A PARTY AT WAR WITH ITS OWN REFLECTION

Peter Adamis – Political Commentary 14 February 2026

Malcolm Turnbull resurfaced on Sky News on 13 February 2026, delivering yet another broadside at the party he once led. Appearing on the taxpayer‑funded national broadcaster, he reportedly branded new Liberal leader Angus Taylor “the most qualified idiot” — a line so sharp it could have been rehearsed in front of a mirror.

For a former Prime Minister, the remark was less shocking than it was predictable. Turnbull’s exit from the Liberal Party was a demolition job conducted in broad daylight, and he has shown no inclination to stop sifting through the rubble.
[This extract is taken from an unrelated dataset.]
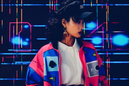 Retro-chic Retrowave fashion clothing. Style cyberpunk. Generate Ai

His latest jab simply underscores the internal decay that has driven members out the door and left the party struggling to define itself.

Susan Ley, who held the leadership before Taylor, spent her tenure trying to keep the machinery running while stitching together a political fabric that frayed faster than she could mend it. She inherited a spinning wheel with missing parts and was expected to produce silk.

Meanwhile, the party has been busy inflicting its own wounds. Political vandals — armed not with ideas but with influence — have spent years smashing through the Liberal brand, leaving dents that no amount of media strategy can buff out. In an era shaped by AI, hyper‑speed news cycles, and a public that consumes politics like entertainment, the Liberals have often looked like they’re performing a slow‑motion collapse.

Now comes the Taylor–Hume pairing: young, polished, and presented as the party’s reboot. On paper, they look like the fresh air needed to ventilate a movement that has been breathing stale oxygen for too long. But among the party faithful, the question is blunt: are they the revival, or simply the final treatment before the flatline?

The old loom has been retired, replaced with one capable of spinning threads that resemble turnstile steel — strong, rigid, and less likely to snap under pressure. Optimists whisper that the Liberal and National parties might even rediscover the lost art of unity.

For those who remain loyal to their ideological roots, the hope is modest but urgent: that the new fabric being woven will be tough enough to survive the tug‑of‑war, the internal sabotage, and the relentless grind of political time.